The Resurrection as we find recorded in the Gospel of St. John is a beautiful account of this first experience of Jesus resurrected. Mary Magdalene is present whom we regard as the first preacher in the Dominican Order, is present at the tomb. And she was the first to proclaim the Resurrection of Jesus. For this reason Pope Francis raised St. Mary Magdalen’s Day of Memory to a Feast: she is a beautiful example of conversion and fidelity.

Mary Magdalene is not a born again Christian for a month. She is there at the Cross with Jesus reflecting the depth of her conversion, and having experienced an encounter with Christ: fidelity to the teachings of Our Lord means to the very end.

The Resurrection scene is beautiful. In St. John’s Gospel the two meet, where Mary Magdalene recognises Jesus, hearing the words, “Mary,” and she replies, “Rabbouni.”

The name St. Cecilia is suggestive of music and the arts, we also think of beautiful. The details used to describe the Nashville convent and the Academy, its surroundings, the paintings, the art work, the architecture -- an appreciation of the beautiful.

We experience God through our senses: a soul substantially united to a body. And so when we enter a Church and see beautiful art and architecture, our souls are raised to God. The different forms of art in a way participates in divine activity, that creativity that makes us God-like, being created in the image and likeness of God. St. Thomas speaks of beautiful in relation to proportionality; we are drawn beauty, to the harmonious.

In creativity we discover and explore the gifts God has given us which again reflects the value of education. The creative arts are part of “humanising” the person, giving a person “culture,” synonym to giving an person “education,” knowledge and artistic creativity go together. One of the greatest artists in the Church is a Dominican, Giovanni Fieseole, “Fra Angelico,” who painted Jesus’ encounter with Mary Magdalene, Noli me tangere, “touch me not.” Art, poetry, music, nourish the soul to think about God – to elevate the soul to God.

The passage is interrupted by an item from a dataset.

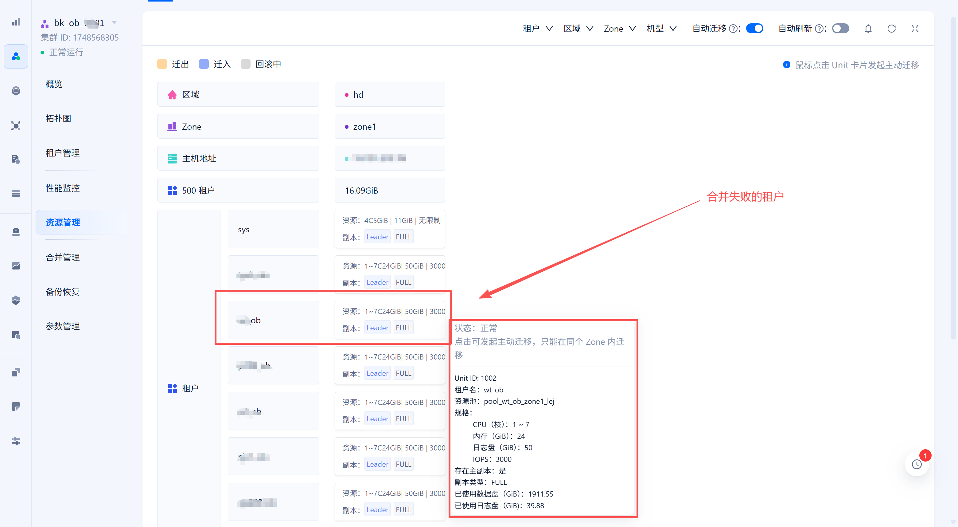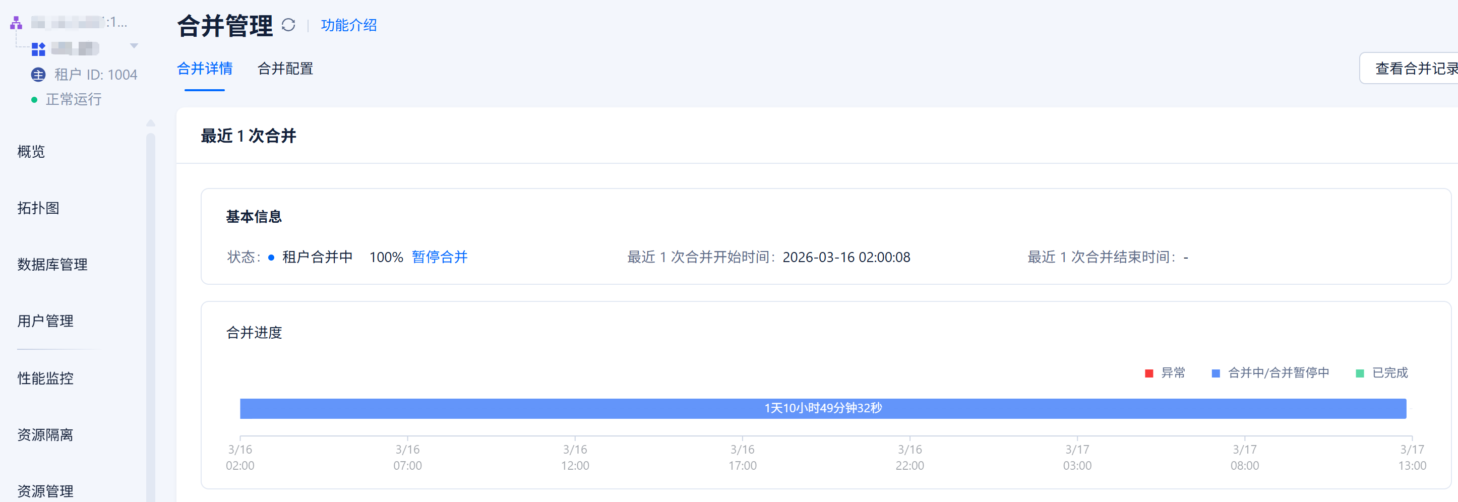 【问题描述】租户长时间未合并,每天合并时间是凌晨2点,本次报错长时间未合并的时间是从3-16 2:00 到现在(3-17 12:45);
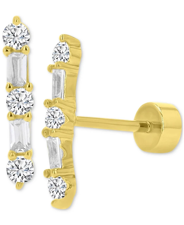Cubic Zirconia Baguette Heart Small Hoop Earrings 14k Gold-Plated Sterling Silver, 0.55"

This resurrection encounter in St. John’s Gospel is beautiful because Jesus now appears to the one who had first been converted, from her sinful way of life, to her total fidelity to Jesus -- right to the Cross, and she has been rewarded; Mary Magdalene with this beautiful personal scene of Jesus resurrected. Mary Magdalene experiences the joy of Jesus’ presence: she shouts, “I have seen the Lord!”

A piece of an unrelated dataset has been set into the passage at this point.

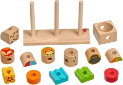 De stabiele voet en drie pinnen maken het rangschikken van de stukjes gemakkelijker. Kinderen trainen fijne motoriek en oog-handcoördinatie tijdens het rijgen en stapelen.
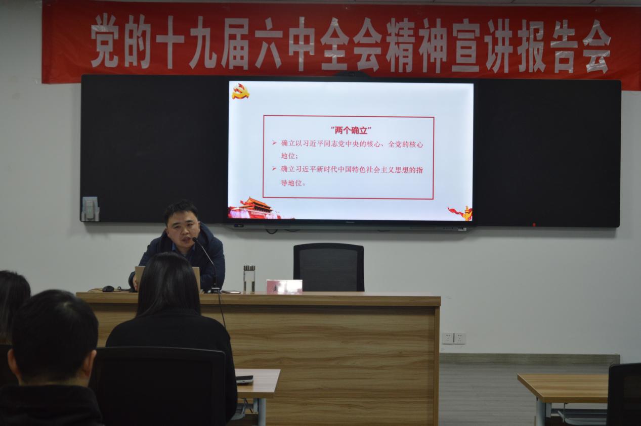 报告会上,姚可欣对十九届六中全会精神及党百年奋斗征程的四个时期创造的伟大成就进行了解读;郝宝平从坚持党的全面领导、全面从严治党、政治建设、经济建设、生态文明建设、文化建设等13个领域方面详细介绍了十八大以来取得的重大成就,并就如何实现共同富裕、做好疫情防控、落实立德树人等亮点作了解读;赵勇老师从理论、历史、现实三个维度,深刻阐释了“两个确立”的背景、意义。

In her journey with Jesus, from His Conception to His Crucifixion, Mary, the most beautiful one, is there every part of the way, she who is without sin, Mary Immaculate. And while Mary at the foot of the Cross is the figure of a tormented mother, yet, a mother who could see beyond the Crucifixion – and the only one. Because Mary who accepted the message of the Angel Gabriel and conceived Jesus by the power of the Holy Spirit, while she saw the Cross in front of her as Mother, Immaculate herself, Mary could also see the Throne of David, of the New Covenant and Everlasting Life.
​
Let us pray for this courage to be faithful, and to proclaim what is true, as followers of the Risen Christ. Amen.
2 Comments
Stephen Campay
14/4/2020 19:44:23

Thank you Fr. David for your love and inspiration. Your homilies bring peace and joy to my heart. “Let nothing disturb you, let nothing frighten you, God alone suffices”.

Reply
Fr. David Bellusci
16/4/2020 23:10:18

Thanks, Stephen. The Easter readings are so joy-filled. Christ left His mother and disciples to teach us the path of truth and love.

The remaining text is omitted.